У меня есть сервер WAMP 3.1.3, на котором запущена главная страница HTML, которая принимает вводные данные «дата начала», «конец» и «организация». Кнопка отправки затем передает информацию следующему php-скрипту:
<?php
$from = strtotime($_POST["fromdate"]);
$to = strtotime($_POST["todate"]);
$org = $_POST["org"];
$python = "C:\Python27\python.exe ";
$pyscript = "C:\wamp64\www\DMARC\Sample_Reports\GetOutlookAttachments.py $from $to $org";
echo $python, $pyscript;
chdir("C:\wamp64\www\DMARC\Sample_Reports");
exec("$python $pyscript");
?>
Сценарий получает данные, преобразует их в соответствующий формат и передает их в сценарий Python 2.7. Данные, которые получает скрипт python, используются для фильтрации некоторых журналов. Как только журналы отфильтрованы, скрипт Python вызывает скрипт R-markdown для создания отчета в формате HTML. Код Python, который вызывает скрипт rmarkdown:
cmd = '"C:/PROGRA~1/R/R-3.5.1/bin/x64/Rscript.exe -e \"Sys.setenv(RSTUDIO_PANDOC=\'C:/Program Files (x86)/Pandoc\'); rmarkdown::render(\'../Filter\ Tool/report.Rmd\')\""'
os.system(cmd)
Раньше я запускал скрипт python из cmd, предоставляя ему необходимые аргументы, и все работало нормально. Фильтрация, выполненная python, была правильной, rmarkdown анализировал логи и генерировал HTML-отчеты. Теперь, когда я пытаюсь запустить его из вызова PHP, я постоянно получаю следующее в apache_error.log:
Error in loadNamespace(name): there is no package called 'rmarkdown'
Я удостоверился, что R использует правильные пути для библиотек, указал путь в верхней части скрипта rmarkdown.

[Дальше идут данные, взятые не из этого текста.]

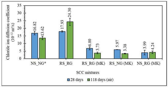 Figure 11 shows the chloride ion diffusion coefficients in SCC mixtures exposed to the open air at 28 and 118 days. With advancing age, there was a reduction in Cl− diffusion, attributed to the filling of pores with the formation of more hydration products, except for the RS_RG mixture, which increased Cl− diffusion due to its greater porosity compared to the other mixtures. At 28 days, the NS_NG* and RS_RG mixtures exhibited similar results. The addition of MK resulted in a decrease in Cl− diffusion, as can be observed in Figure 11. At 118 days, the RS_RG (MK) mixture reduced the diffusion by 84.6% compared to the RS_RG mixture. The use of MK reduces chloride diffusion and increases the percentage of Cl− ions dissolved in the interstitial water. The chloride diffusion coefficients of the RS_NG (MK) and NS_RG (MK) mixtures were similar to those of the RS_RG (MK) mixture. The isolated or combined use of recycled sand and recycled coarse aggregate (RS and RG) did not have a significant effect on Cl− diffusion when using MK.

Я убедился, что то, что входит в exec (), работает, вставляя его значение в cmd, и оно работает. Что-нибудь еще я могу попробовать?
РЕДАКТИРОВАТЬ:
В соответствии с запросом здесь находится верхняя часть скрипта уценки:
```{r setup, include=FALSE}
knitr::opts_chunk$set(echo = TRUE)
```
```{r include=FALSE}
library(XML)
library(methods)
library(readbulk)
library(zoo)
library(tidyr)
library(stringr)
library(data.table)
library(ggplot2)
library(plyr)
library(plotly)
library(IPtoCountry)
library(rworldmap)
library(knitr)
library(rmarkdown)
.libPaths(c("C:/Users/username/Documents/R/win-library/3.5", "C:/Program Files/R/R-3.5.1/library"))
```
Так как rmarkdown
не входит в число пакетов по умолчанию, загружаемых с каждым сеансом R, таких как utils
, base
, а также stats
нужно позвонить library(rmarkdown)
строка в вашем вызове команды Python, который выполняется вне ваш R скрипт
Рассмотрим также использование Python subprocss.Popen
, лучший обработчик для вызовов командной строки, чтобы даже захватить консоль и вывод ошибок с лучшей обработкой кавычек (и даже добавить Rscript
в PATH
переменная окружения и избегайте указания полного каталога для исполняемого файла).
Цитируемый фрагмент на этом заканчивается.